Data entries

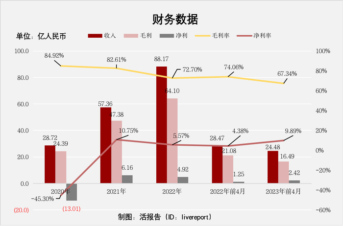 2022年收入为88.17亿元人民币(年复合增长率为75.20%),净利润4.92亿元人民币,毛利率72.70%,2023年前4个月收入24.48亿元,净利润2.42亿元。
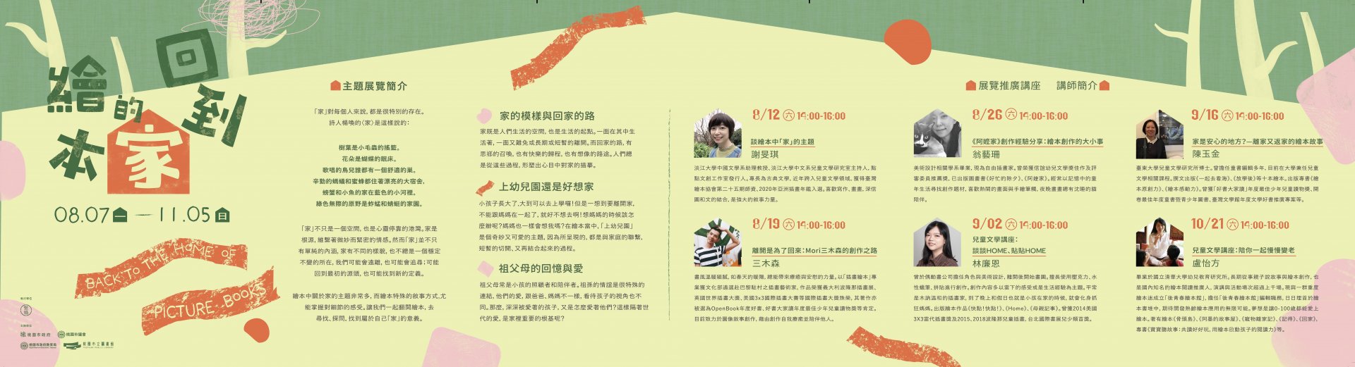 | 一、 | 為推廣桃園兒童文學,桃園市兒童文學館於8月7日至11月5日舉辦《回到繪本的「家」》展覽,由淡江大學中文系副教授謝旻琪擔任策展人,規劃以「家」為核心概念,邀請民眾從不同角度尋找「家」的意義。不僅展覽現場有繪本互動展,更延伸舉辦共6場次的兒童文學講座與4場次的研習活動,歡迎踴躍參加。 |
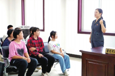 为了让同学们了解法院工作,芦溪法庭主动邀请同学走进法庭参观。同学们体验了安检流程,参观了诉讼服务大厅、家事审判庭、科技法庭、温馨调解室等区域,了解了法庭工作日常、诉讼服务中心设施功能、立案流程以及相关便民服务举措等,实地感受到“智慧法院”的“智慧”和法律的庄严。法官还向同学们讲解了法官、书记员、原告、被告等席位和职责以及法槌、法徽的象征意义。在对审判工作有了更加直观的了解后,同学们有序“换装”,坐到不同席位上,沉浸式融入“法官”“书记员”等角色,通过体验开庭中的各个环节,进一步增加了对法律的敬畏感。
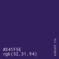 Цвет #341F5E в цветовой модели RGB обозначается тремя октетами (52, 31, 94) в десятичном формате и #341F5E в шестнадцатиричном (hex) формате, которые являются интенсивностью красного 52 (hex 34), интенсивность зелёного 31 (hex 1F) и интенсивность синего 94 (hex 5E).
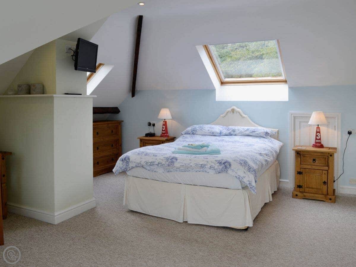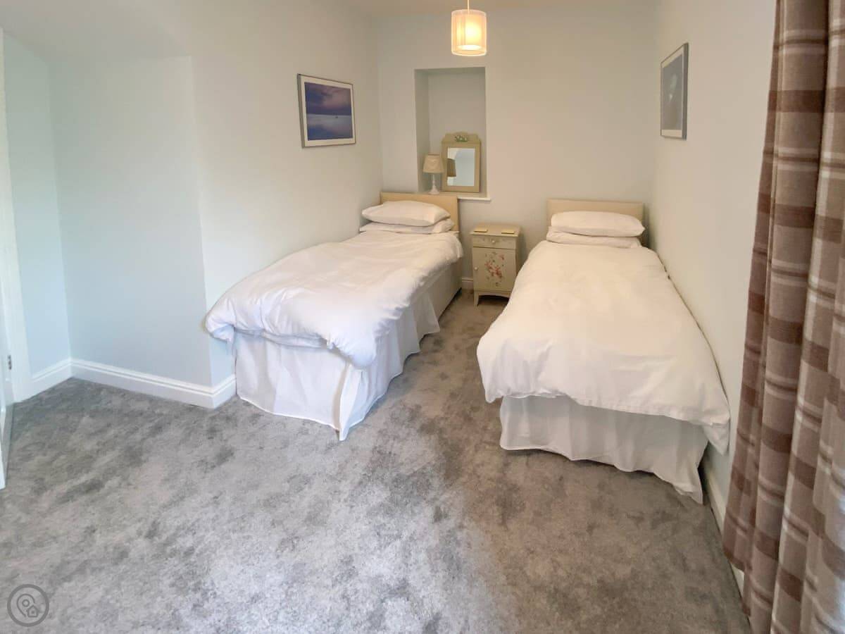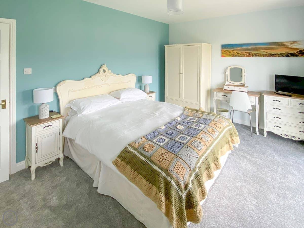 It sleeps six in three bedrooms. There are two bathrooms, which helps. One bedroom is upstairs with its own ensuite and a balcony. That's the one with the best view.
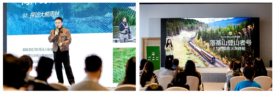 右:6人游定制旅行副总裁李妍分享“从雨林到落基山”火车旅行体验 © Destination BC

» **Exercise prompt**:
Set down the lines of the records above exactly, apart from the pictures.

» **Answer to this task**:
 2022年收入为88.17亿元人民币(年复合增长率为75.20%),净利润4.92亿元人民币,毛利率72.70%,2023年前4个月收入24.48亿元,净利润2.42亿元。
 | 一、 | 為推廣桃園兒童文學,桃園市兒童文學館於8月7日至11月5日舉辦《回到繪本的「家」》展覽,由淡江大學中文系副教授謝旻琪擔任策展人,規劃以「家」為核心概念,邀請民眾從不同角度尋找「家」的意義。不僅展覽現場有繪本互動展,更延伸舉辦共6場次的兒童文學講座與4場次的研習活動,歡迎踴躍參加。 |
 为了让同学们了解法院工作,芦溪法庭主动邀请同学走进法庭参观。同学们体验了安检流程,参观了诉讼服务大厅、家事审判庭、科技法庭、温馨调解室等区域,了解了法庭工作日常、诉讼服务中心设施功能、立案流程以及相关便民服务举措等,实地感受到“智慧法院”的“智慧”和法律的庄严。法官还向同学们讲解了法官、书记员、原告、被告等席位和职责以及法槌、法徽的象征意义。在对审判工作有了更加直观的了解后,同学们有序“换装”,坐到不同席位上,沉浸式融入“法官”“书记员”等角色,通过体验开庭中的各个环节,进一步增加了对法律的敬畏感。
 Цвет #341F5E в цветовой модели RGB обозначается тремя октетами (52, 31, 94) в десятичном формате и #341F5E в шестнадцатиричном (hex) формате, которые являются интенсивностью красного 52 (hex 34), интенсивность зелёного 31 (hex 1F) и интенсивность синего 94 (hex 5E).
 It sleeps six in three bedrooms. There are two bathrooms, which helps. One bedroom is upstairs with its own ensuite and a balcony. That's the one with the best view.
 右:6人游定制旅行副总裁李妍分享“从雨林到落基山”火车旅行体验 © Destination BC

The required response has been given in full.